= Bai Dezhang =

Chinese film actor and director (1931–2019)

Bai Dezhang (白德彰; 1931 – 23 November 2019) was a Chinese film actor and director with Changchun Film Studio, best known for his performance in the 1963 film Visitors on the Icy Mountain. He received the Honorary Award of the Golden Phoenix Awards in 2009.

== Biography ==
Bai was born in 1931 in Xinmin, Liaoning, Republic of China. After the founding of the People's Republic of China in 1949, he became an actor with Northeast Film Studio (a predecessor of Changchun Film Studio).

Starting with bit parts in films such as The White Haired Girl, he later became a principal actor in a number of films such as Ji Hongchang (吉鸿昌), Eagle in the Storm (暴风中的雄鹰), and Man in the Painting (画中人).

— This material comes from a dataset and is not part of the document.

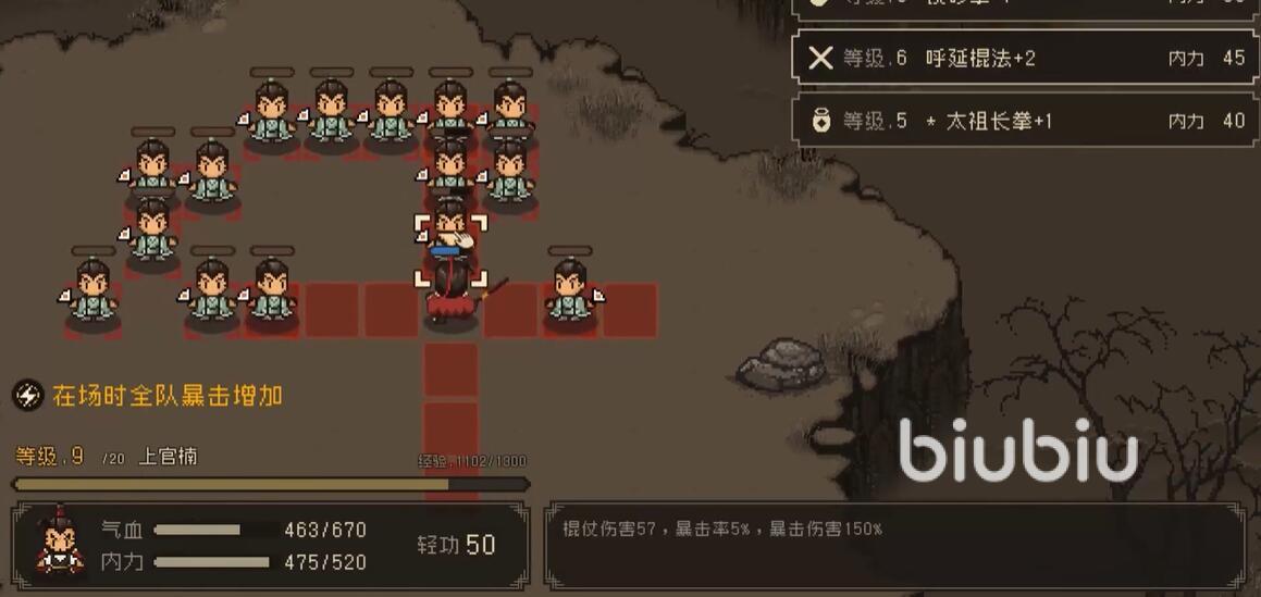 大家如果還想讓上官楠的戰(zhàn)斗能力得到完全展現(xiàn),最好在戰(zhàn)斗的過程當(dāng)中,直接使用該角色沖入敵人的隊(duì)伍,然后釋放一次呼延棍法,基本上可以對所有范圍內(nèi)的敵人造成傷害。整個過程還會讓上官楠獲得大量的角色經(jīng)驗(yàn)值,升級的效率也會得到增加。當(dāng)然,在敵人反擊的過程當(dāng)中,使用小黃狗來進(jìn)行生命值恢復(fù)即可。

His best known role was probably as Commander of the 3rd Platoon in the 1963 film Visitors on the Icy Mountain.

Starting in the 1980s, Bai became a director. Together with his wife Xu Xunxing (徐迅行), also a director at Changchun Film Studio, he co-directed a number of films including A Place Far From the Crowds (远离人群的地方), Modern Gladiator (现代角斗士), Hero of Guandong (关东大侠), and Heroine of Guandong (关东女侠). In 2009, he received the Honorary Award of the Golden Phoenix Awards.

Bai died on 23 November 2019 in Changchun, aged 88.